I’ve seen Catherine McGrath a few times since coming across her at Latitude last year. The most recent was her first headline show in London, at Camden Assembly in March this year. Bush Hall was a step up on that. And I’d say that this was the most confident I’ve seen her, and the band. Success begets success. Her debut album is due at the end of July, and there’s a promotional tour in September. That could be the real breakthrough moment – she certainly has the songs, the voice, the persona. One of the highlights of Wednesday’s show was the new single “Wild”. It’s a song that she was singing back in Latitude, but it has now been beefed up with Taylor Swift-style pop sheen. And she has now dropped the preamble – the story of the bloke who took her to a Coldplay and spent all his time texting his ex-girlfriend. It’s all there in the song anyway. Her introductions have always been endearing, but there were far fewer on Tuesday. The only two that survived were for “Cinderella”, her first Nashville song, and one of her loveliest tunes; and “Ellsworth”, a cover of a song by the country band Rascall Flatts. It’s a beautiful ballad, and one of the songs that got her into country music back in Northern Ireland. I found it the most moving moment of the concert on Tuesday.

She played all the top songs. “Just in Case” and “Starting from Now” were the openers. Hell Would Have to Freeze Over” was introduced with a smile as a “classic” (it is!), and the set closed with the celebratory and defiant “Talk of this Town”. She has reached the point now when she can ask the audience to sing the chorus – she is developing a real fanbase, and it is youthful. This augurs well for her future success.

Catherine was was fulsome in her thanks to the audience for this being a sell-out show. She is still pinching herself about her success. But this, I think, is just he beginning. She is going to be big.

Gengahr have just released their second album, “Where Wildness Grows”. I made their debut album, “A Dream Outside”, my top album of 2015. It was the best indie guitar album I’d heard since The Strokes’ first two albums in the early 2000s. And “Where Wildness Grows” may be even better.  It has a layered, incredibly melodic sound, with those bursts of wild guitar from John Victor, which work so brilliantly live. And of course, there are Felix Bushe’s distinctive falsetto vocals, which add a fragility to the melodies; and, with some of the guitar, give the music a psychedelic feel at times. The outstanding tune, on the first few listens, is “Carrion”, and live, it was awesome, the set closer. Pulsing beats and some magnificent guitar.

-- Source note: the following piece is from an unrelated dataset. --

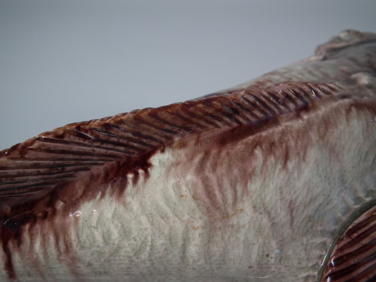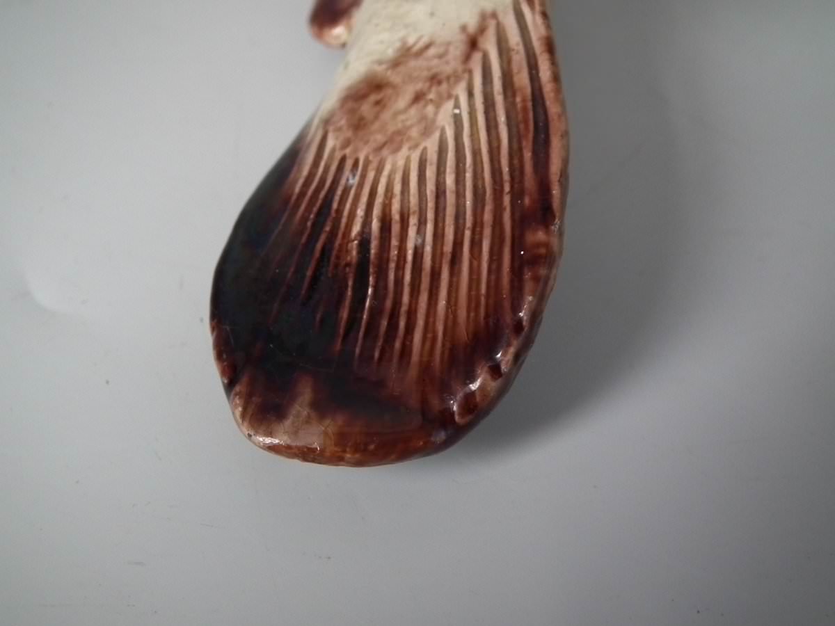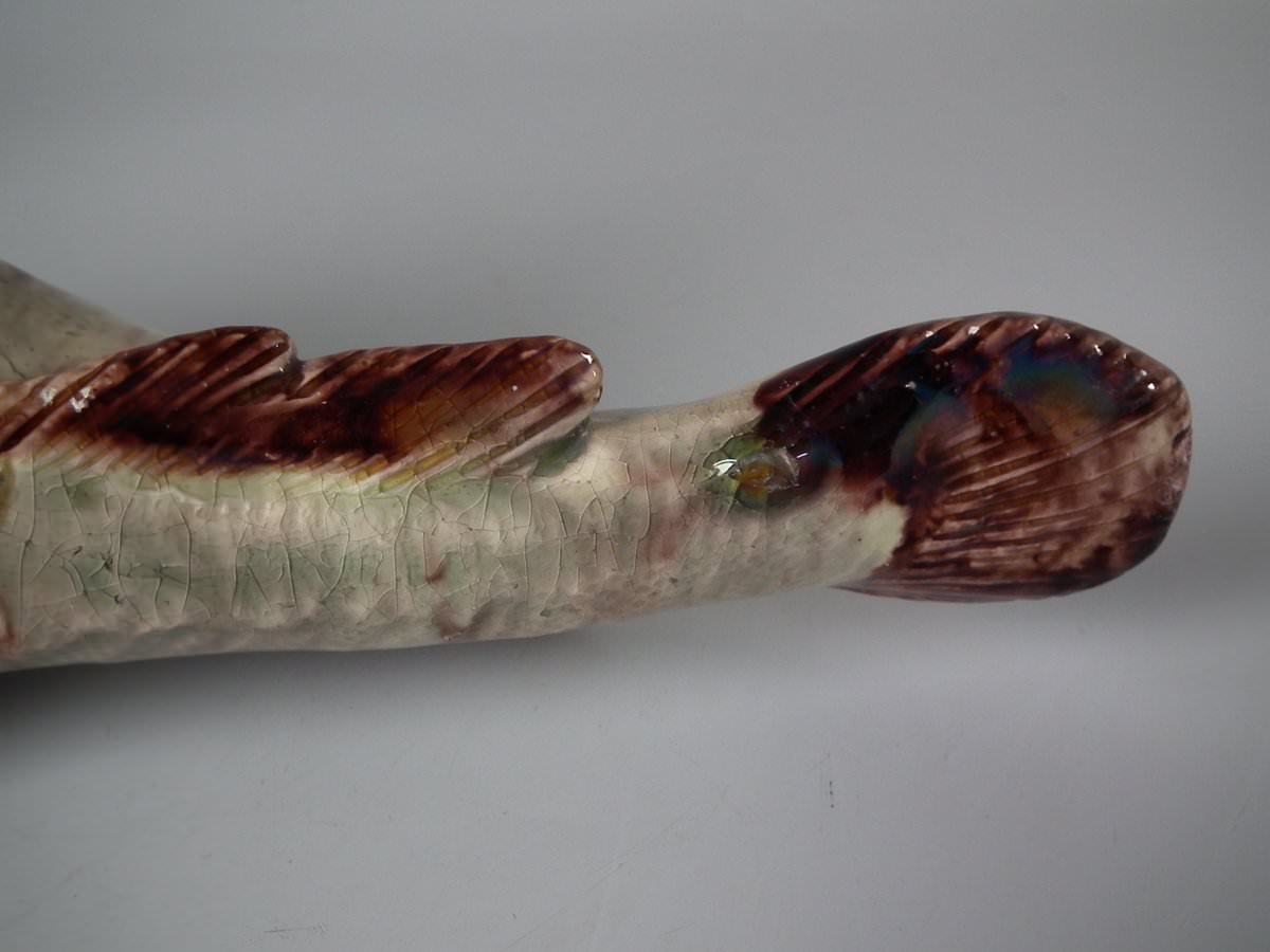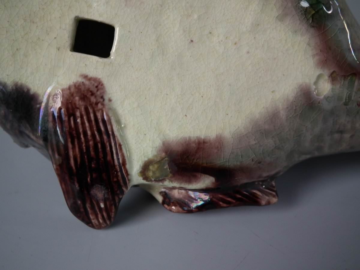 Circa 1890. 2.8ins high, 11.4ins wide, 5.1ins depth. Mafra Portuguese Palissy Majolica wall plaque which features a monkfish.

The concert on Wednesday had a great mix of both albums – they almost alternated between the two. I liked that: they weren’t just promoting the new album. And the band played with a real elan. They know they have made a superb second album, and are proud to be playing it. The crowd were really enthusiastic: again I sensed that they are developing a strong and dedicated following. Mostly people in their twenties, I’d say. I did feel rather in a minority age-wise, but was happy to be so.

So many highlights, but standouts included: “I’ll be Waiting”, “Mallory” and “Before Sunrise” from the new album, and “Heroine”, “She’s a Witch” (of course – still the singalong song) and a lovely “Lonely as a Shark” in the encore from the first – before the mighty “Carrion”.  There was also an interesting take on “Dark Star” from “A Dream Outside”. An instrumental normally, Felix now added vocals, and it worked well. A kind of breather, amid the euphoria. My only disappointment was that they didn’t play “Powder”, which has always been my favourite song. The best guitar wig-out of all. But you can’t have everything. This was a powerful, uplifting show. Gengahr are a very, very good band. And “Where Wildness Grows” will be vying for No 1 slot in my 2018 albums of the year.

So two very different concerts, but one thing in common: they have great futures ahead of them. They must!